The event which instigated this suit occurred on March 8, 1978, when a temporary dam, somewhat to the south of the permanent one being built, discharged a large amount of water through an 18-inch concrete pipe, filling the Mertz pond with sand and sediment and causing dirt and debris to flow onto the Mertz land, turning a crystalclear lake into a sandy one, with erosion damage and destruction continuing through the trial.

*1289 Following eleven days of trial, with considerable expert testimony and the taking of a view by the court, the court entered its final judgment. The court found that the 200-acre area in question was in the form of two basins.
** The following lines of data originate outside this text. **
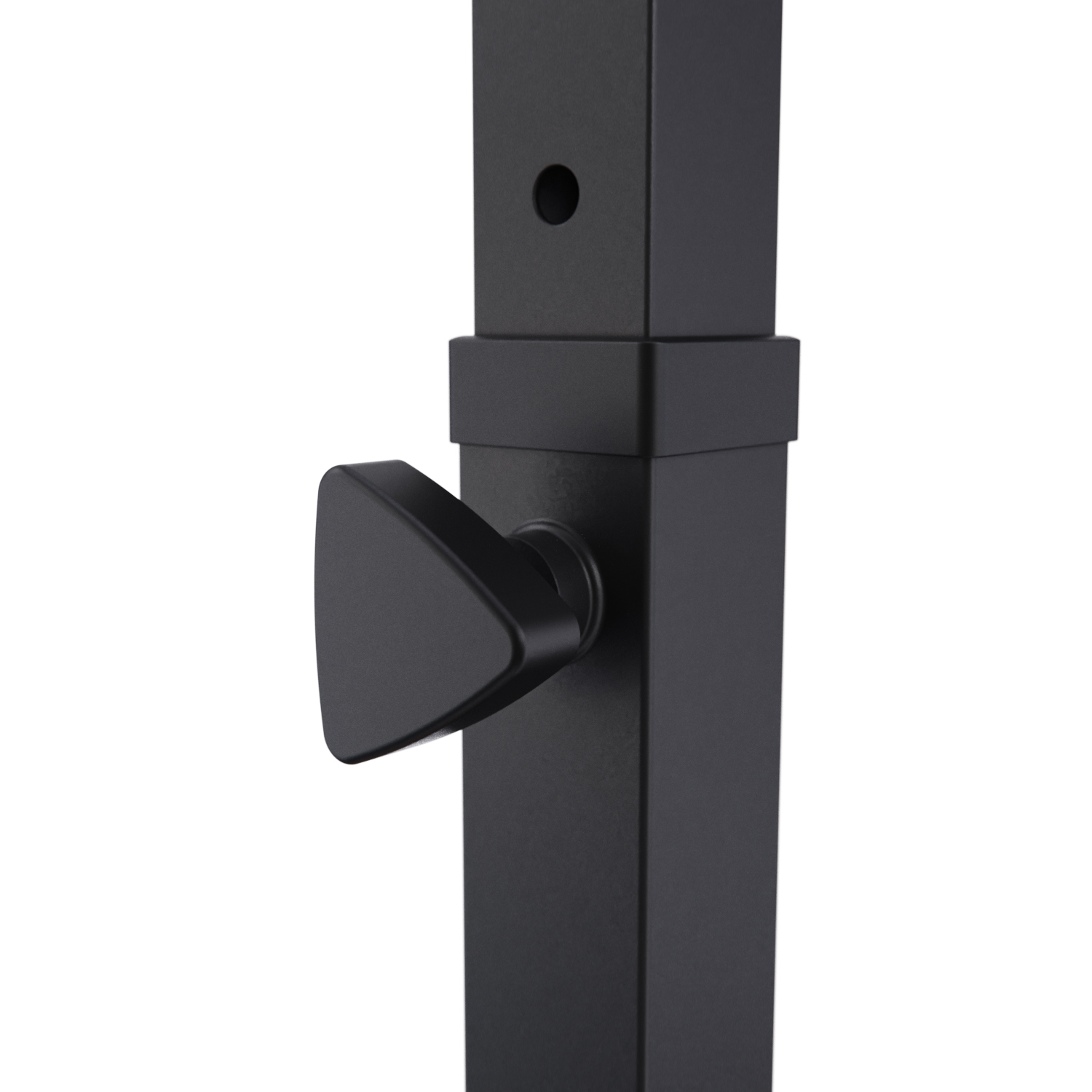Высота держателей под штангу легко регулируется без дополнительных инструментов при помощи ручки. Держатели под штангу стойки для жима регулируются по высоте на 7 уровней в диапазоне от 100 до 170 см (шаг 10 см). Нескользящие ножки надежно устанавливаются на полу и не царапают поверхность.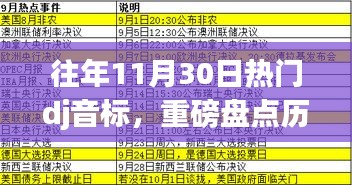親愛(ài)的小紅書(shū)伙伴們,今天我們來(lái)聊聊一個(gè)大家都非常感興趣的話題——?dú)v年11月30日的熱門(mén)DJ音標(biāo),隨著音樂(lè)節(jié)奏的跳動(dòng),我們一起回顧那些讓人熱血沸騰的DJ神曲,感受音樂(lè)帶來(lái)的激情與活力!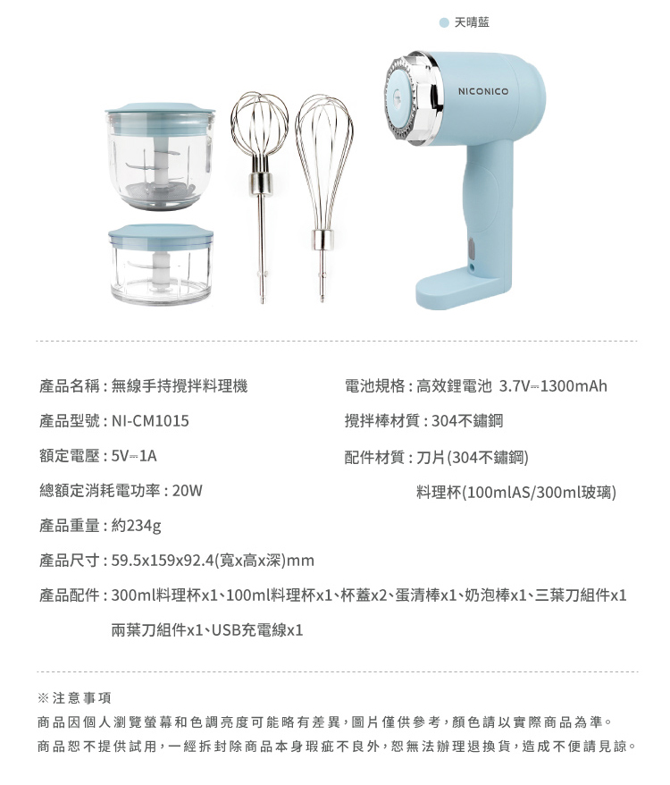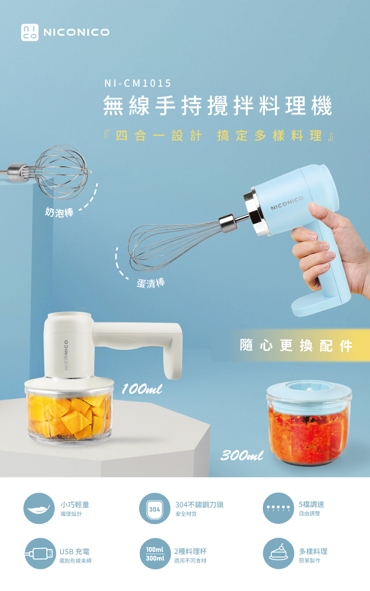 【NICONICO】無線手持攪拌料理機NI-CM1015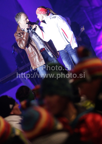 : Elisabeth Goergl of Austria (R) singing official song of FIS Alpine skiing World championships during opening ceremony of FIS Alpine skiing World championships in Garmisch-Partenkirchen. Opening ceremony of FIS Alpine skiing World championships in Garmisch-Partenkirchen, Germany, was held on evening of Monday, 7th of February 2011 in Olympia stadium in Garmisch-Partenkirchen.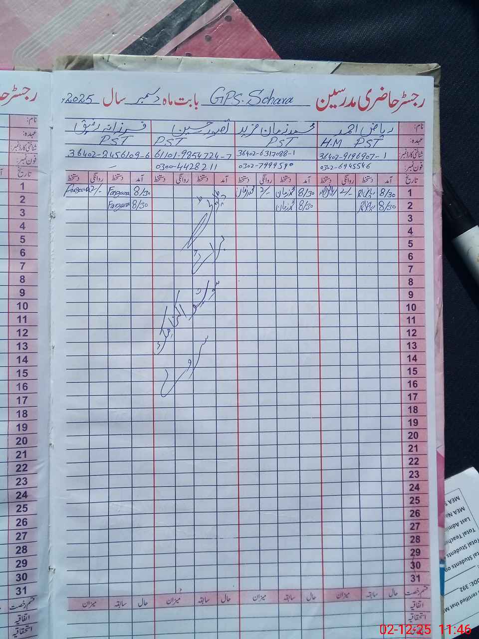 | Name: RI**** AH**** Designation: (School Headmaster's/Headmistress's) PST Phone/Cell Number: 03**** |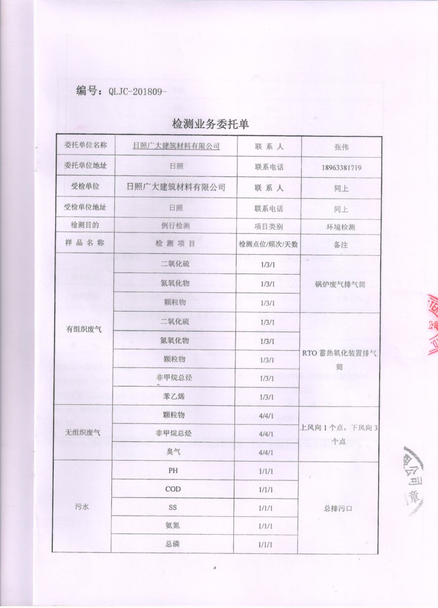 日照廣大建筑材料有限公司第四季度檢測(cè)報(bào)告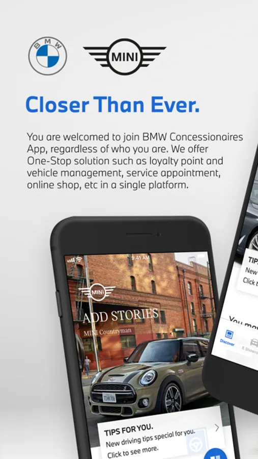 - Enjoy Everything BMW/MINI in ONE App: Manage your cars, book a service, and shopping all in one single platform

Prior to development, the western basin consisting of about three-eighths of the area, drained without going through the marshy area on the east, but rather flowed directly northward onto the western portion of the Mertz land and then into what is now the Mertz lake. The court stated that the development has caused diversion of substantially all of the water from the western basin into the marshy area in the eastern basin. The court found that the western basin had no features that could conceivably be classified as a natural watercourse, and found that the flow instead was in the form of surface sheet flow.

In the eastern basin, the court found that there were no natural flows, and only two short channel areas of approximately 150 yards each, neither of which in the court's opinion was seen as a watercourse. The court did state during the motion for rehearing that the small flow on the golf course may be a watercourse, but in the court's opinion it did not make any difference to the total outcome of the case.

The court found two substantial divisions of water: that from the western basin to the eastern basin, and one in the shift of the western outlet of the marsh by the placing of the concrete pipe some ten feet east of where it had been, having a substantial effect on Mertz's property by causing a channel to be eroded where none had existed previously. The court found these two diversions to have violated the water laws of Florida, entitling Mertz to equitable relief. The solution to the problem, in the court's opinion, especially since further development would only increase the flow, was to have Magnolia use its 75-foot wide drainage easement it had previously acquired from Huskey and that ran along the eastern side of the Mertz property and along its northern border, to divert all the water flow now going onto the Mertz property.